··· RECORDS FOR THE EXERCISE ···

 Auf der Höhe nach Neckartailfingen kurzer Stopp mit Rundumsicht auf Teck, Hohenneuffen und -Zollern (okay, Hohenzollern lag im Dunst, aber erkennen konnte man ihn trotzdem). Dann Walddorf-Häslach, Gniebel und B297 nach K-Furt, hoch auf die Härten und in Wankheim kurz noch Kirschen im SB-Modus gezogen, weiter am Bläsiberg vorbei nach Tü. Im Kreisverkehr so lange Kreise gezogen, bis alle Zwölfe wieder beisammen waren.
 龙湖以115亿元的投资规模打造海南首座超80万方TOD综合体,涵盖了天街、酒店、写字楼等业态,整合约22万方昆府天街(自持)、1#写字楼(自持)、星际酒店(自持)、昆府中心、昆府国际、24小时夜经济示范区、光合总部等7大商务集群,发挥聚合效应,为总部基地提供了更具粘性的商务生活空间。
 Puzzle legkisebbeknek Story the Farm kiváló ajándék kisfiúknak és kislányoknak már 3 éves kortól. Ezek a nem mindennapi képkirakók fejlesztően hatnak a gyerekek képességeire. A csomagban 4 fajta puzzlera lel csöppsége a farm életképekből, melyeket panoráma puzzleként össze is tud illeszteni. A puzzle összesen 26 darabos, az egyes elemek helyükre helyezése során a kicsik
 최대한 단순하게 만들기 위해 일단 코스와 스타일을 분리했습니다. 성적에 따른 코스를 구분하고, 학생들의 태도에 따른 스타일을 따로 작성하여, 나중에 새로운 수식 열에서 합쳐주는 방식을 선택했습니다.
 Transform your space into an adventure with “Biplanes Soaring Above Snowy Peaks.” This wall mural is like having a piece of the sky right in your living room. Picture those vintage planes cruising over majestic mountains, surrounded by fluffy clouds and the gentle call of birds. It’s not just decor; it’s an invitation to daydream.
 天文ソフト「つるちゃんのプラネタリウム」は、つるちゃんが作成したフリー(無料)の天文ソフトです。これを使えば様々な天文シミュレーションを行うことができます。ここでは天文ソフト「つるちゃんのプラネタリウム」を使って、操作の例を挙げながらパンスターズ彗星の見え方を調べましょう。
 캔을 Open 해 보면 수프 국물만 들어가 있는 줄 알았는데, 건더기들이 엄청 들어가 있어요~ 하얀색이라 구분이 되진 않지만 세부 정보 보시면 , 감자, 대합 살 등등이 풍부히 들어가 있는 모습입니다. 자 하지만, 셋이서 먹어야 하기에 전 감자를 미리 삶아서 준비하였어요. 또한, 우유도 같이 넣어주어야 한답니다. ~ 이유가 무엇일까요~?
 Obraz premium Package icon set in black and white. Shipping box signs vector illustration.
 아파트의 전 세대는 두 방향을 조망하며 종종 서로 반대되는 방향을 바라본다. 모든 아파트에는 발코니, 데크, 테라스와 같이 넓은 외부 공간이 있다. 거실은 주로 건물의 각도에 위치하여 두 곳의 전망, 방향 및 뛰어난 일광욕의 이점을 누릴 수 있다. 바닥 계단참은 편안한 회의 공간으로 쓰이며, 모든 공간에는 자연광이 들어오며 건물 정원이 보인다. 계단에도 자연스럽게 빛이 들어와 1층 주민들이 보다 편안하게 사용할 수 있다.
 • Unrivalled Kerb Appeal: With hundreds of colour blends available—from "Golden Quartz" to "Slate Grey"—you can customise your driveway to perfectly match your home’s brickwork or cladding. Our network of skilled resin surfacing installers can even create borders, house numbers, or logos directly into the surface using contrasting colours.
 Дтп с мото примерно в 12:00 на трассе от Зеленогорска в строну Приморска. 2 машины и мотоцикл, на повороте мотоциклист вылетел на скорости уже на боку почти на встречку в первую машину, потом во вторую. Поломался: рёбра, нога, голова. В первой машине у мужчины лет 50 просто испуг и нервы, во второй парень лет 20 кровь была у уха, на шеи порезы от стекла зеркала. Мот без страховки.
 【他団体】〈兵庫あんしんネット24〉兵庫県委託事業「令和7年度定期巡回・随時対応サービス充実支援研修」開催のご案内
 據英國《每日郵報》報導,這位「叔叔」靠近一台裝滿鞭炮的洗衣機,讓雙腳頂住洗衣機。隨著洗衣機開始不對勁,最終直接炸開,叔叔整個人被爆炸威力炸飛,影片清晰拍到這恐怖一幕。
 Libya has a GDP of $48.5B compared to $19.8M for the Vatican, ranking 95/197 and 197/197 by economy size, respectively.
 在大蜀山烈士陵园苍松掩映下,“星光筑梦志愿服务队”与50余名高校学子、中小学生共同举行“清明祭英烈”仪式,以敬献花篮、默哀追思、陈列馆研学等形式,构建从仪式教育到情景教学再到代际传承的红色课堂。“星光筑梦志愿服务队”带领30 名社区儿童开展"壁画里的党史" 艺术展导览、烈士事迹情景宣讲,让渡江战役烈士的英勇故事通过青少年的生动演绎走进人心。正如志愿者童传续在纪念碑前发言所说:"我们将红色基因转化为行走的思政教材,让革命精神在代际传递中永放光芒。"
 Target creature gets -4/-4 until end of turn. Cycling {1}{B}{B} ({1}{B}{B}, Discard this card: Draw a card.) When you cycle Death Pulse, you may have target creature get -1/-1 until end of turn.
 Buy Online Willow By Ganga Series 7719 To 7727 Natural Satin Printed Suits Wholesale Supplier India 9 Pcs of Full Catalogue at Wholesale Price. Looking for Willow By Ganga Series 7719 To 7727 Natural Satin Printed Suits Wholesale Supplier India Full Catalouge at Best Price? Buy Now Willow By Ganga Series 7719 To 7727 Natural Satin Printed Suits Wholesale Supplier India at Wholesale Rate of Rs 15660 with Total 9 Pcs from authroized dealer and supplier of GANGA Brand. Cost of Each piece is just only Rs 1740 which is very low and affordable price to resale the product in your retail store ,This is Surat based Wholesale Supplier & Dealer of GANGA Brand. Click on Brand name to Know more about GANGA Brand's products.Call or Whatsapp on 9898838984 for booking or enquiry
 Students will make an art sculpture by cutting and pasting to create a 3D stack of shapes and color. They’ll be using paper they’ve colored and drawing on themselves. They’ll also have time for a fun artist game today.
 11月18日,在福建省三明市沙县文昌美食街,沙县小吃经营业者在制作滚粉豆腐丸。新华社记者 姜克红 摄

···

* _TRY IT_:
The material above must be returned word for word, complete.

* _ANSWER_:
 Auf der Höhe nach Neckartailfingen kurzer Stopp mit Rundumsicht auf Teck, Hohenneuffen und -Zollern (okay, Hohenzollern lag im Dunst, aber erkennen konnte man ihn trotzdem). Dann Walddorf-Häslach, Gniebel und B297 nach K-Furt, hoch auf die Härten und in Wankheim kurz noch Kirschen im SB-Modus gezogen, weiter am Bläsiberg vorbei nach Tü. Im Kreisverkehr so lange Kreise gezogen, bis alle Zwölfe wieder beisammen waren.
 龙湖以115亿元的投资规模打造海南首座超80万方TOD综合体,涵盖了天街、酒店、写字楼等业态,整合约22万方昆府天街(自持)、1#写字楼(自持)、星际酒店(自持)、昆府中心、昆府国际、24小时夜经济示范区、光合总部等7大商务集群,发挥聚合效应,为总部基地提供了更具粘性的商务生活空间。
 Puzzle legkisebbeknek Story the Farm kiváló ajándék kisfiúknak és kislányoknak már 3 éves kortól. Ezek a nem mindennapi képkirakók fejlesztően hatnak a gyerekek képességeire. A csomagban 4 fajta puzzlera lel csöppsége a farm életképekből, melyeket panoráma puzzleként össze is tud illeszteni. A puzzle összesen 26 darabos, az egyes elemek helyükre helyezése során a kicsik
 최대한 단순하게 만들기 위해 일단 코스와 스타일을 분리했습니다. 성적에 따른 코스를 구분하고, 학생들의 태도에 따른 스타일을 따로 작성하여, 나중에 새로운 수식 열에서 합쳐주는 방식을 선택했습니다.
 Transform your space into an adventure with “Biplanes Soaring Above Snowy Peaks.” This wall mural is like having a piece of the sky right in your living room. Picture those vintage planes cruising over majestic mountains, surrounded by fluffy clouds and the gentle call of birds. It’s not just decor; it’s an invitation to daydream.
 天文ソフト「つるちゃんのプラネタリウム」は、つるちゃんが作成したフリー(無料)の天文ソフトです。これを使えば様々な天文シミュレーションを行うことができます。ここでは天文ソフト「つるちゃんのプラネタリウム」を使って、操作の例を挙げながらパンスターズ彗星の見え方を調べましょう。
 캔을 Open 해 보면 수프 국물만 들어가 있는 줄 알았는데, 건더기들이 엄청 들어가 있어요~ 하얀색이라 구분이 되진 않지만 세부 정보 보시면 , 감자, 대합 살 등등이 풍부히 들어가 있는 모습입니다. 자 하지만, 셋이서 먹어야 하기에 전 감자를 미리 삶아서 준비하였어요. 또한, 우유도 같이 넣어주어야 한답니다. ~ 이유가 무엇일까요~?
 Obraz premium Package icon set in black and white. Shipping box signs vector illustration.
 아파트의 전 세대는 두 방향을 조망하며 종종 서로 반대되는 방향을 바라본다. 모든 아파트에는 발코니, 데크, 테라스와 같이 넓은 외부 공간이 있다. 거실은 주로 건물의 각도에 위치하여 두 곳의 전망, 방향 및 뛰어난 일광욕의 이점을 누릴 수 있다. 바닥 계단참은 편안한 회의 공간으로 쓰이며, 모든 공간에는 자연광이 들어오며 건물 정원이 보인다. 계단에도 자연스럽게 빛이 들어와 1층 주민들이 보다 편안하게 사용할 수 있다.
 • Unrivalled Kerb Appeal: With hundreds of colour blends available—from "Golden Quartz" to "Slate Grey"—you can customise your driveway to perfectly match your home’s brickwork or cladding. Our network of skilled resin surfacing installers can even create borders, house numbers, or logos directly into the surface using contrasting colours.
 Дтп с мото примерно в 12:00 на трассе от Зеленогорска в строну Приморска. 2 машины и мотоцикл, на повороте мотоциклист вылетел на скорости уже на боку почти на встречку в первую машину, потом во вторую. Поломался: рёбра, нога, голова. В первой машине у мужчины лет 50 просто испуг и нервы, во второй парень лет 20 кровь была у уха, на шеи порезы от стекла зеркала. Мот без страховки.
 【他団体】〈兵庫あんしんネット24〉兵庫県委託事業「令和7年度定期巡回・随時対応サービス充実支援研修」開催のご案内
 據英國《每日郵報》報導,這位「叔叔」靠近一台裝滿鞭炮的洗衣機,讓雙腳頂住洗衣機。隨著洗衣機開始不對勁,最終直接炸開,叔叔整個人被爆炸威力炸飛,影片清晰拍到這恐怖一幕。
 Libya has a GDP of $48.5B compared to $19.8M for the Vatican, ranking 95/197 and 197/197 by economy size, respectively.
 在大蜀山烈士陵园苍松掩映下,“星光筑梦志愿服务队”与50余名高校学子、中小学生共同举行“清明祭英烈”仪式,以敬献花篮、默哀追思、陈列馆研学等形式,构建从仪式教育到情景教学再到代际传承的红色课堂。“星光筑梦志愿服务队”带领30 名社区儿童开展"壁画里的党史" 艺术展导览、烈士事迹情景宣讲,让渡江战役烈士的英勇故事通过青少年的生动演绎走进人心。正如志愿者童传续在纪念碑前发言所说:"我们将红色基因转化为行走的思政教材,让革命精神在代际传递中永放光芒。"
 Target creature gets -4/-4 until end of turn. Cycling {1}{B}{B} ({1}{B}{B}, Discard this card: Draw a card.) When you cycle Death Pulse, you may have target creature get -1/-1 until end of turn.
 Buy Online Willow By Ganga Series 7719 To 7727 Natural Satin Printed Suits Wholesale Supplier India 9 Pcs of Full Catalogue at Wholesale Price. Looking for Willow By Ganga Series 7719 To 7727 Natural Satin Printed Suits Wholesale Supplier India Full Catalouge at Best Price? Buy Now Willow By Ganga Series 7719 To 7727 Natural Satin Printed Suits Wholesale Supplier India at Wholesale Rate of Rs 15660 with Total 9 Pcs from authroized dealer and supplier of GANGA Brand. Cost of Each piece is just only Rs 1740 which is very low and affordable price to resale the product in your retail store ,This is Surat based Wholesale Supplier & Dealer of GANGA Brand. Click on Brand name to Know more about GANGA Brand's products.Call or Whatsapp on 9898838984 for booking or enquiry
 Students will make an art sculpture by cutting and pasting to create a 3D stack of shapes and color. They’ll be using paper they’ve colored and drawing on themselves. They’ll also have time for a fun artist game today.
 11月18日,在福建省三明市沙县文昌美食街,沙县小吃经营业者在制作滚粉豆腐丸。新华社记者 姜克红 摄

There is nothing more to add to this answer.